From 499b50b0aa60b3581784e7fb79d23b3714982fc9 Mon Sep 17 00:00:00 2001
From: Thomas Perl <thp@thpinfo.com>
Date: Mon, 16 Aug 2010 22:27:58 +0200
Subject: [PATCH] Allow None as return value for filters

In order to make the filtering mechanism more
robust against user error, urlwatch now accepts
the None value as return value from the filter
function, and interprets it as "don't filter".
---
 examples/hooks.py.example |  4 ++++
 lib/urlwatch/handler.py   | 21 ++++++++++++++++++---
 2 files changed, 22 insertions(+), 3 deletions(-)

diff --git a/examples/hooks.py.example b/examples/hooks.py.example
index 0419c42..1ef516f 100644
--- a/examples/hooks.py.example
+++ b/examples/hooks.py.example
@@ -81,5 +81,9 @@ def filter(url, data):
         # "re" (does not need anything, but only strips tags
         # using a regular expression and does no formatting)
         return html2txt.html2text(data, method='lynx')
+
+    # The next line is optional - if the filter function returns
+    # None (or no value at all), the input data will be taken as
+    # the result -> None as return value means "don't filter".
     return data
 
diff --git a/lib/urlwatch/handler.py b/lib/urlwatch/handler.py
index 1748a12..721c990 100755
--- a/lib/urlwatch/handler.py
+++ b/lib/urlwatch/handler.py
@@ -75,6 +75,20 @@ class ShellError(Exception):
     def __str__(self):
         return '%s: Exit status %d' % (self.__class__.__name__, self.result)
 
+
+def use_filter(filter, url, input):
+    """Apply a filter function to input from an URL"""
+    output = filter(url, input)
+
+    if output is None:
+        # If the filter does not return a value, it is
+        # assumed that the input does not need filtering.
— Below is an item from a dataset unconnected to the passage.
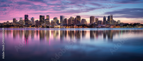 Fototapeta premium Vibrant Cityscape Twilight Reflections
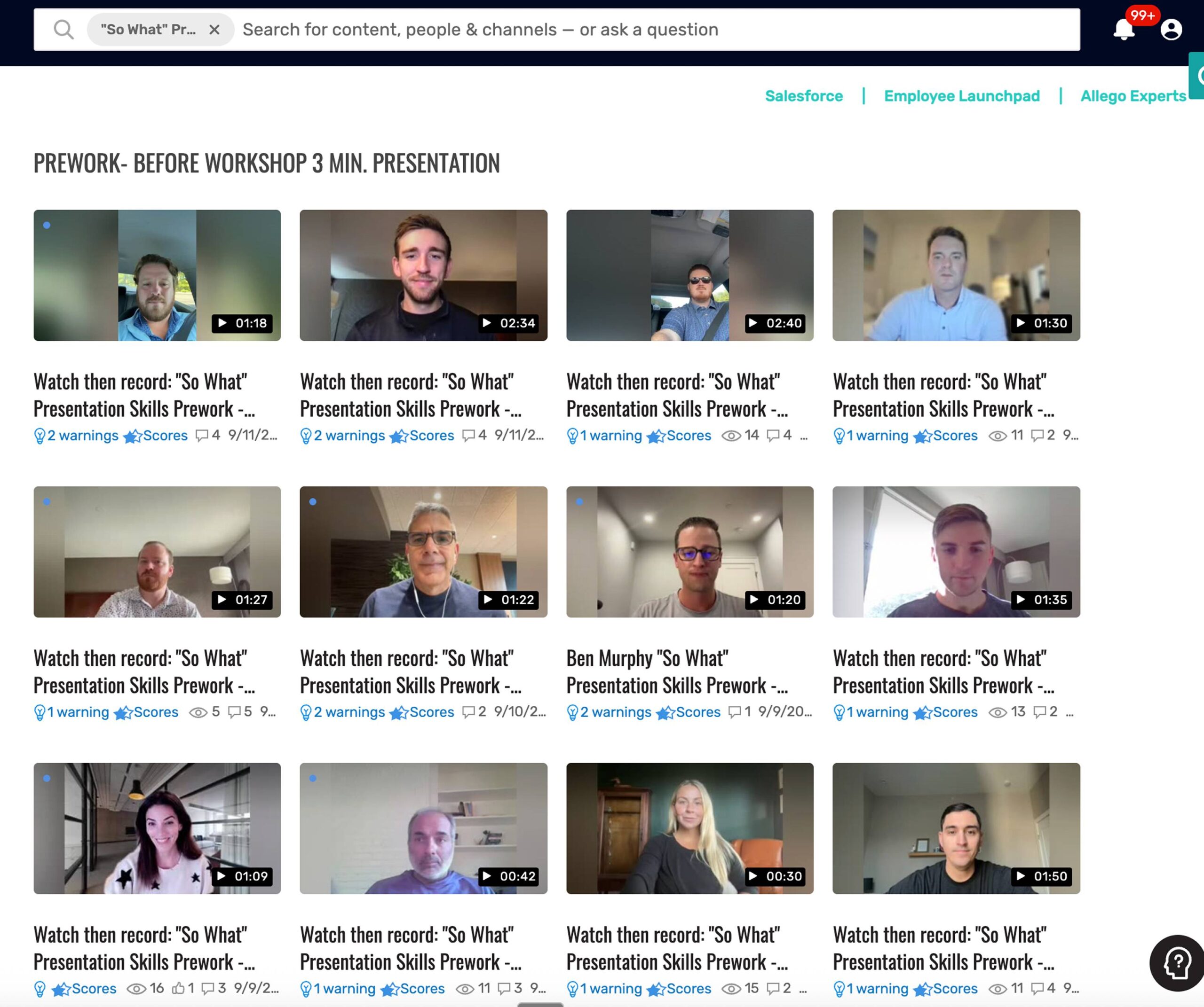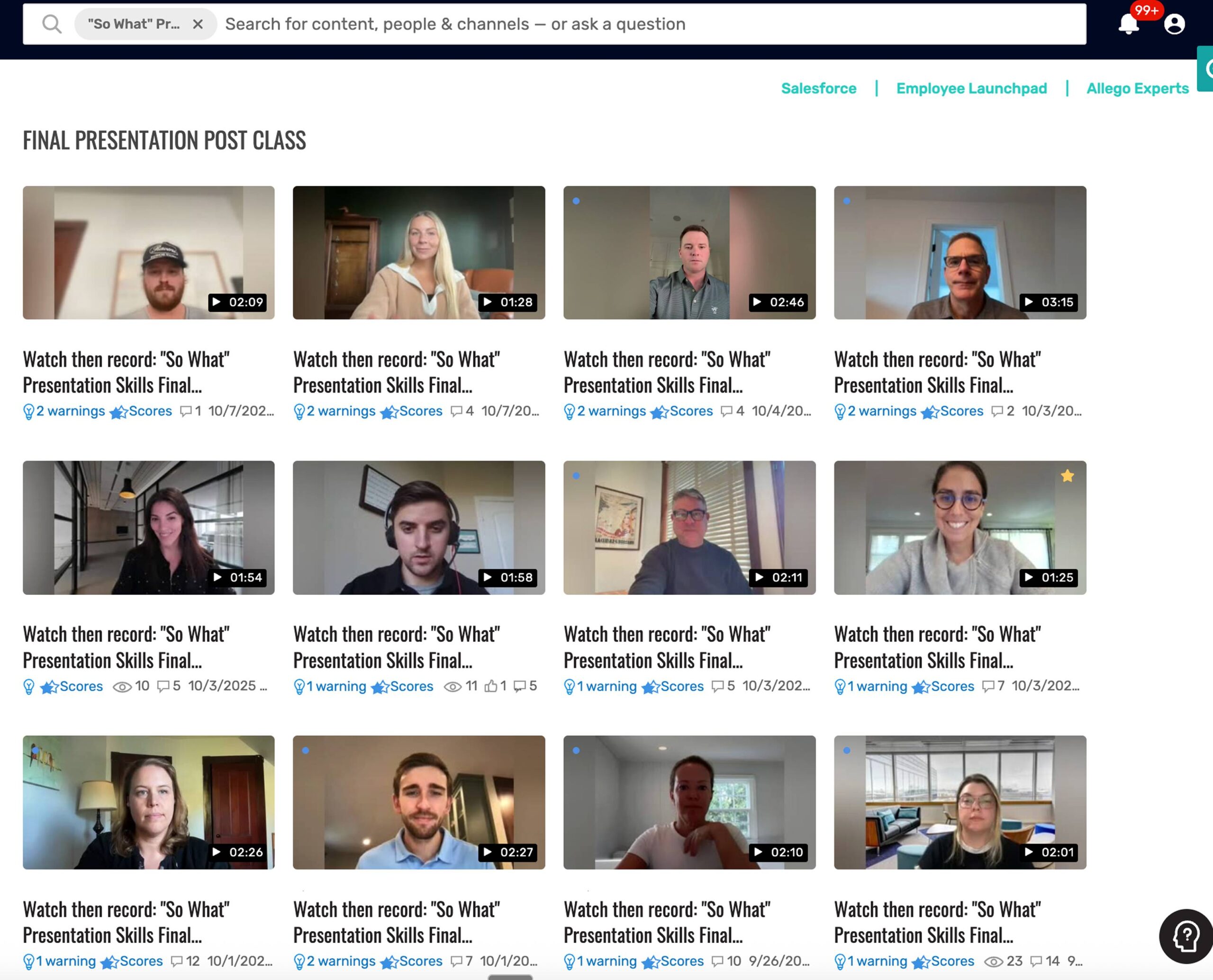 - Rapid skill adoption through prework, interactive role play, instructor-led peer discussions, and Allego-based, post-class-video coaching

+        # In this case, we simply return the input.
+        return input
+
+    return output
+
+
 class ShellJob(JobBase):
     def retrieve(self, timestamp=None, filter=None, headers=None):
         process = subprocess.Popen(self.location, \
@@ -84,7 +98,9 @@ class ShellJob(JobBase):
         result = process.wait()
         if result != 0:
             raise ShellError(result)
-        return filter(self.location, stdout_data)
+
+        return use_filter(filter, self.location, stdout_data)
+
 
 class UrlJob(JobBase):
     CHARSET_RE = re.compile('text/(html|plain); charset=(.*)')
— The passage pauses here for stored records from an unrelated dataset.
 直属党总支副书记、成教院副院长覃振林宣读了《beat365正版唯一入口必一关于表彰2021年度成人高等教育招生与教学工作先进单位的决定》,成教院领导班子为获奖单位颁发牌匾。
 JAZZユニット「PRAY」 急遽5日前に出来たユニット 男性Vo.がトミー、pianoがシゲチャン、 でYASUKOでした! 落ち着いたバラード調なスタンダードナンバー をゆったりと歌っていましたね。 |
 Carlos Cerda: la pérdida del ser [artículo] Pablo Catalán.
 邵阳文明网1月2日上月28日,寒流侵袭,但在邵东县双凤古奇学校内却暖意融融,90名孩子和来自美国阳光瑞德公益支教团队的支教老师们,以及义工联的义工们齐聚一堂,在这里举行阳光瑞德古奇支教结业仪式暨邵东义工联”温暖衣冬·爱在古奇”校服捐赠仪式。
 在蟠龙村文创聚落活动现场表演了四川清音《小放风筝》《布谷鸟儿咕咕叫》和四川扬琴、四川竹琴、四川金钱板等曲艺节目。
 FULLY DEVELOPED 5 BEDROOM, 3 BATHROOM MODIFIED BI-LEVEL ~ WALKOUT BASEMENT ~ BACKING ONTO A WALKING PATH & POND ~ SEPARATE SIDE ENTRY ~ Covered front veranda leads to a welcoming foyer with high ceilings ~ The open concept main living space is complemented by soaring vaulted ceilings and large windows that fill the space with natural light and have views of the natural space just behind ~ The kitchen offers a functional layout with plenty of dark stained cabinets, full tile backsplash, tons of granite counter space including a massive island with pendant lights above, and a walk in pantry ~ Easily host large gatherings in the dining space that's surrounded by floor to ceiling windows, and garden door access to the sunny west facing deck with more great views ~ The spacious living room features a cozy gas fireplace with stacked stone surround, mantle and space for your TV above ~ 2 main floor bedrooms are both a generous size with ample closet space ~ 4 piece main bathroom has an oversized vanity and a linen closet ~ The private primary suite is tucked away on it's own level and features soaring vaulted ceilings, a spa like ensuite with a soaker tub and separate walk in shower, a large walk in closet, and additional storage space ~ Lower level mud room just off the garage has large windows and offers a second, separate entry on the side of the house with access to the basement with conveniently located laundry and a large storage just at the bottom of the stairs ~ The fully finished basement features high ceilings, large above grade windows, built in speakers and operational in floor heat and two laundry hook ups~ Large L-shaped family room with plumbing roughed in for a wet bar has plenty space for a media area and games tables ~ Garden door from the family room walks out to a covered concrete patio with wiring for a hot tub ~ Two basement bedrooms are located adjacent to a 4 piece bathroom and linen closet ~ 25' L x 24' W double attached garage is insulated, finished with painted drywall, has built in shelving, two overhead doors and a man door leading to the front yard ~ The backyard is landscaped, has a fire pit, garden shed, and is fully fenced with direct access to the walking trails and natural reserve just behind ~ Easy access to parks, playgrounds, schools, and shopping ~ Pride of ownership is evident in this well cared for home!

@@ -111,8 +127,7 @@ class UrlJob(JobBase):
             content_unicode = content.decode(encoding, 'ignore')
             content = content_unicode.encode('utf-8')
 
-        data = filter(self.location, content)
-        return data
+        return use_filter(filter, self.location, content)
 
 
 def parse_urls_txt(urls_txt):
-- 
2.11.4.GIT